INSTRUCTIONS TO FOLLOW:
Using the entries that follow, transcribe only the lines from the line with "Рассел, 1975 г. (справа)" to the line with "Monitoring of SARS-CoV-2", both included, exactly as they stand and without pictures.

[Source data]

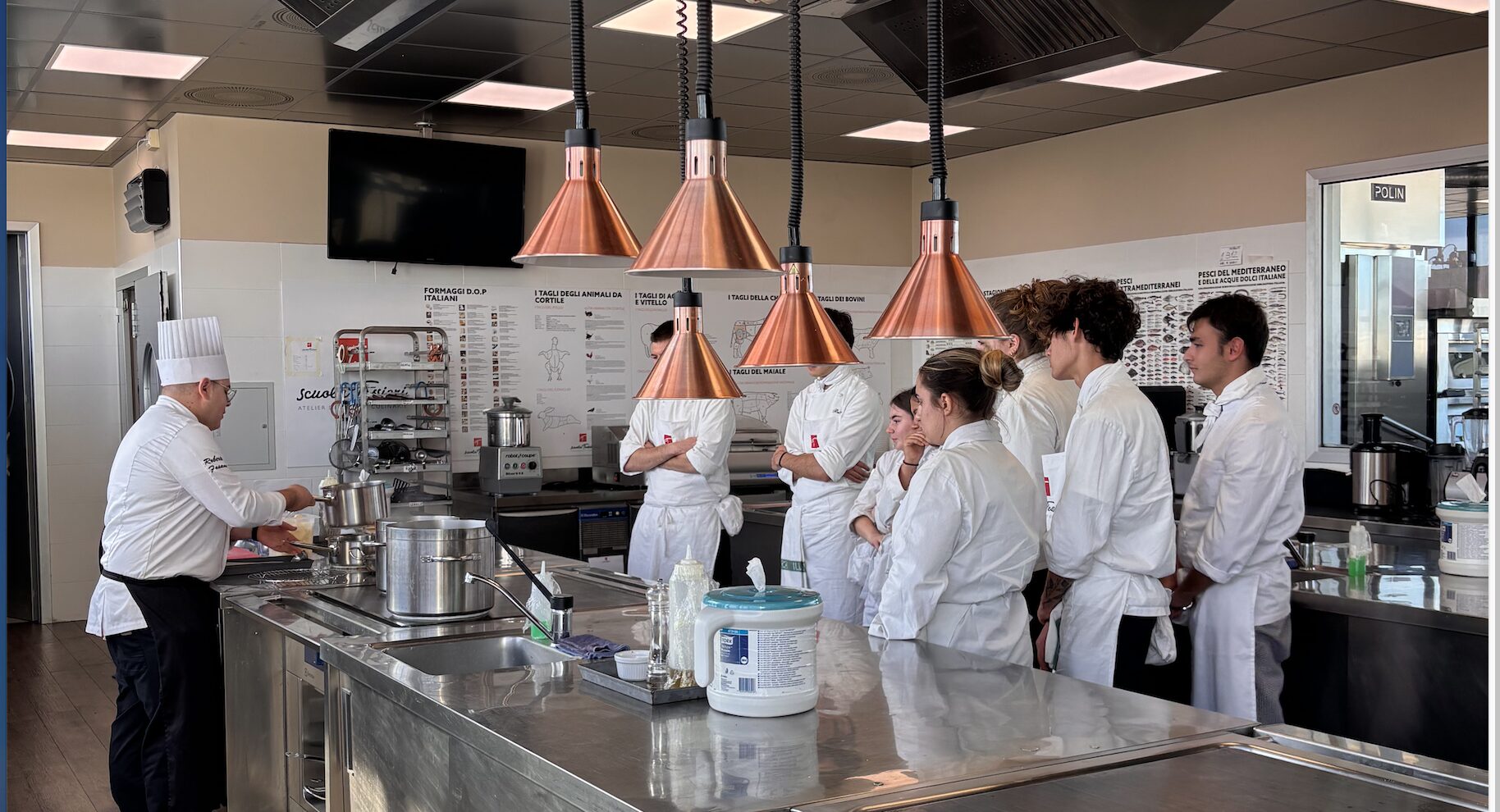 Martedì 18 novembre 2025 gli studenti della classe 5 ENO dell’Istituto Professionale Alberghiero ISIS Foresi hanno partecipato a una giornata di orientamento presso Scuola Tessieri – Atelier delle Arti Culinarie di Ponsacco, accompagnati dai docenti Gennaro Bellomo, Alessandra Moncini e Sara Palomba. L’esperienza si è collocata nell’ambito delle attività di Open Day proposte da Scuola Tessieri, che da anni offre agli istituti superiori lezioni aperte, incontri con docenti e chef, visite ai laboratori e momenti di confronto dedicati all’orientamento post-diploma. Un’occasione preziosa per permettere agli studenti di conoscere da vicino Scuola Tessieri, esplorare il mondo dell’alta formazione in cucina e pasticceria e acquisire nuove conoscenze per orientare le proprie decisioni professionali future.
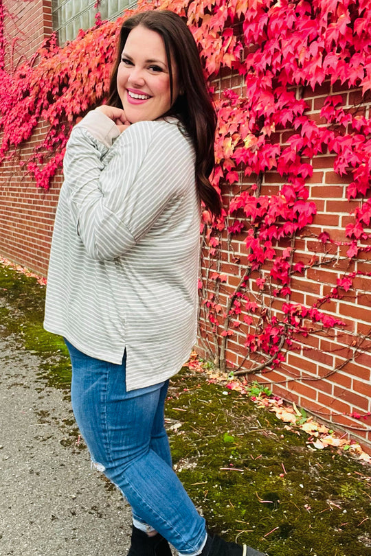 Regular price $22.99If your knit sweater game needs a refresh, reach for this round neck hunter green and taupe striped color block top. With an oversized fit and cozy knit fabric, this sweater will be your go to... -
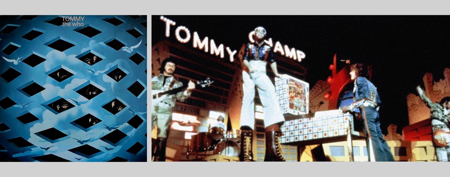 Обложка альбома «Tommy» The Who, 1969 г. (слева) Кадр из фильма «Томми», режиссер: Кен Рассел, 1975 г. (справа)
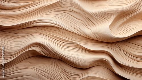 © denkar, Obraz premium Abstract Beige Waves: A Study in Smooth Curves and Textured Layers
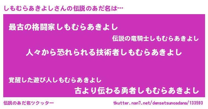 | 意味不明あだ名 | 『自称しもむらあきよし』 |
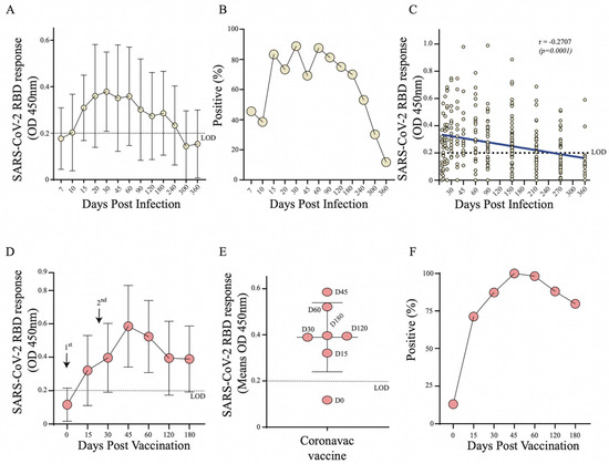 Monitoring of SARS-CoV-2 RBD specific antibodies through ELISA in Group 1 (n = 116) and Group 2 (n = 96). (A) Curve of RBD specific antibodies in SARS-CoV-2 naturally infected individuals (Group 1); (B) Percentage of seroconversion in SARS-CoV-2 infected individuals (Group 1); (C) Linear regression analysis of anti-RBD antibodies over 12-months from the day of infection by SARS-CoV-2 (Group 1); (D) Curve of RBD specific antibodies in CoronaVac vaccinated individuals (Group 2); (E) Distribution of OD means post vaccination (Group 2); (F) Percentage of seroconversion in CoronaVac vaccinated individuals (Group 2).
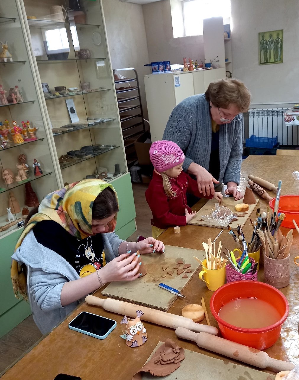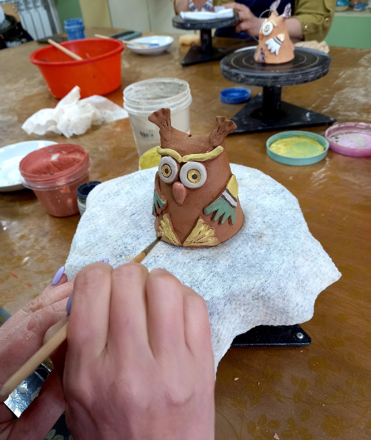 15 Мая (воскресенье) в Студии детского творчества "Гончарик" при Михайло-Архангельском храме (с. Новоживотинное) состоялся новый мастер-класс по керамическому творчеству в рамках цикла мероприятий "выходного дня". На очередной встрече под руководством народного мастера Воронежской области Натальи Борисовны Пророк и Ольги Алексеевне Ногиной участники изготовили колокольчик "Сова".
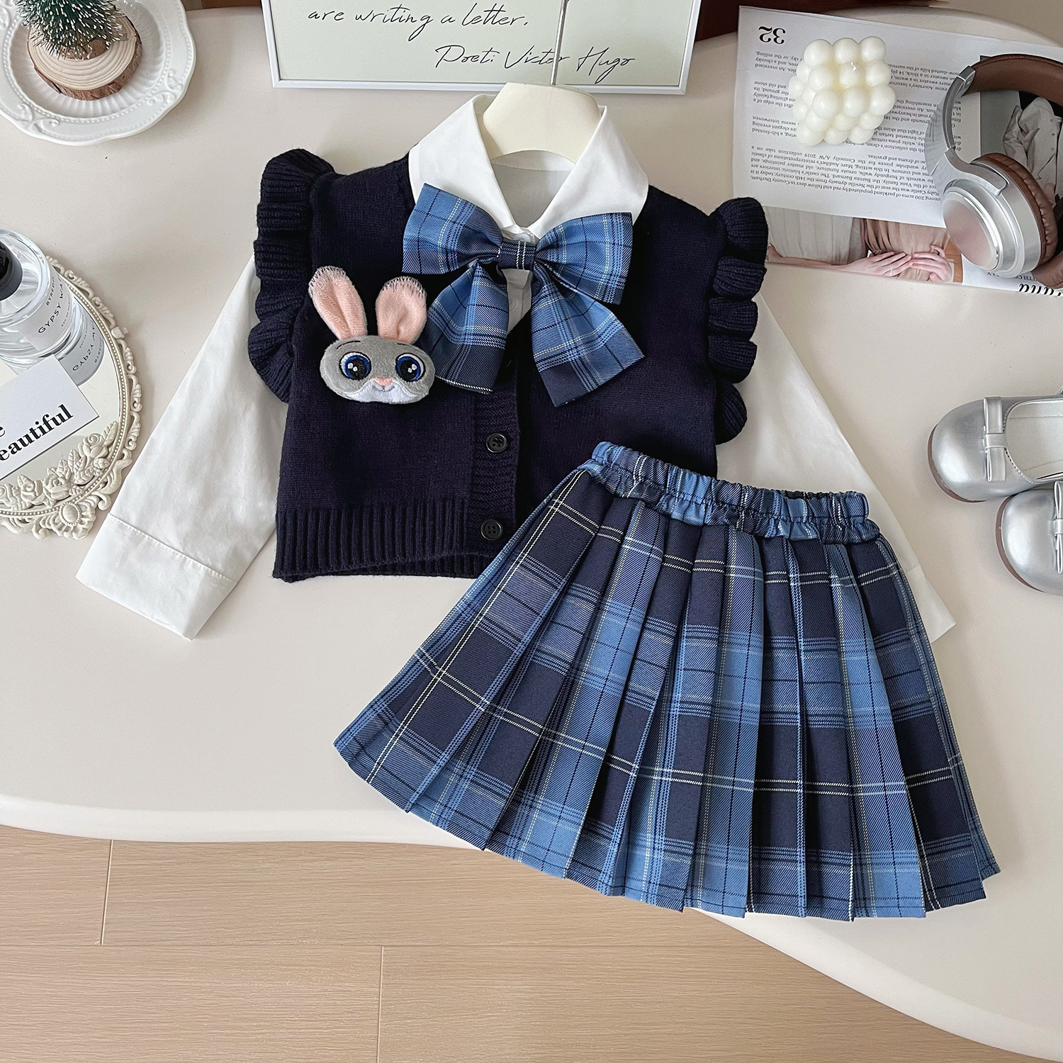 女童套装2024年秋季兔子警官针织马甲+JK裙+衬衫学院风针织三件套
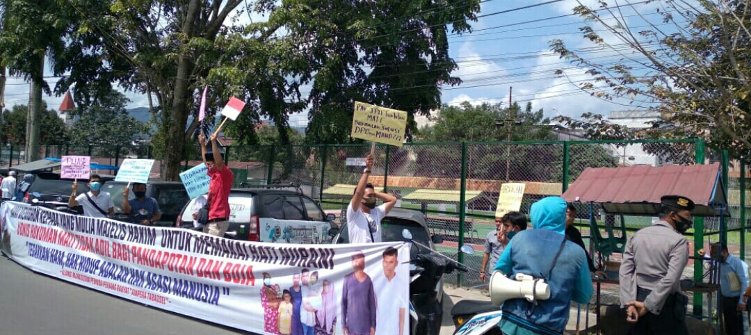 Padangsidimpuan, lintas10.com-Puluhan massa pemuda dan masyarakat yang tergabung di Aliansi Mahasiswa Pejuang Rakyat, gelar aksi simpatisan terhadap dua terdakwa yang di kabarkan akan menerima vonis hukuman mati. Aksi tesebut berlangsung di depan Pengadilan Negeri Padangsidimpuan jl. Sermalian kosong (7/9/2020) pada pukul 11.00 WIB.
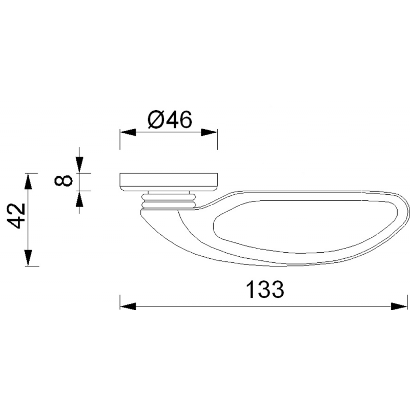 Maniglia completa di bocchetta, per rafforzare la molla della serratura e permettere il montaggio senza viti esterne. Lungh. mm. 133, sporgenza mm. 42, rosetta Ø mm. 46, quadro mm. 8.
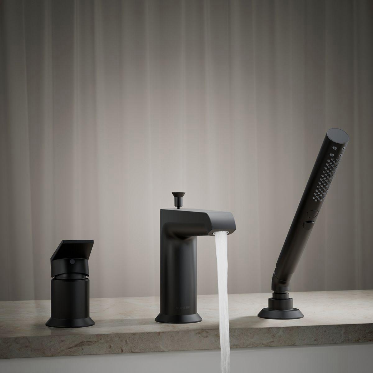 Minimalist in its design, the Hint™ bathroom faucet collection is a versatile style choice for traditional or contemporary environments. Coordinate with KOHLER® Pitch™ showering components, and create a space that will look beautiful for years to come. This deck-mount bath faucet includes a handshower to enhance your bathing options.

ANSWER TO THIS EXERCISE:
 Обложка альбома «Tommy» The Who, 1969 г. (слева) Кадр из фильма «Томми», режиссер: Кен Рассел, 1975 г. (справа)
 © denkar, Obraz premium Abstract Beige Waves: A Study in Smooth Curves and Textured Layers
 | 意味不明あだ名 | 『自称しもむらあきよし』 |
 Monitoring of SARS-CoV-2 RBD specific antibodies through ELISA in Group 1 (n = 116) and Group 2 (n = 96). (A) Curve of RBD specific antibodies in SARS-CoV-2 naturally infected individuals (Group 1); (B) Percentage of seroconversion in SARS-CoV-2 infected individuals (Group 1); (C) Linear regression analysis of anti-RBD antibodies over 12-months from the day of infection by SARS-CoV-2 (Group 1); (D) Curve of RBD specific antibodies in CoronaVac vaccinated individuals (Group 2); (E) Distribution of OD means post vaccination (Group 2); (F) Percentage of seroconversion in CoronaVac vaccinated individuals (Group 2).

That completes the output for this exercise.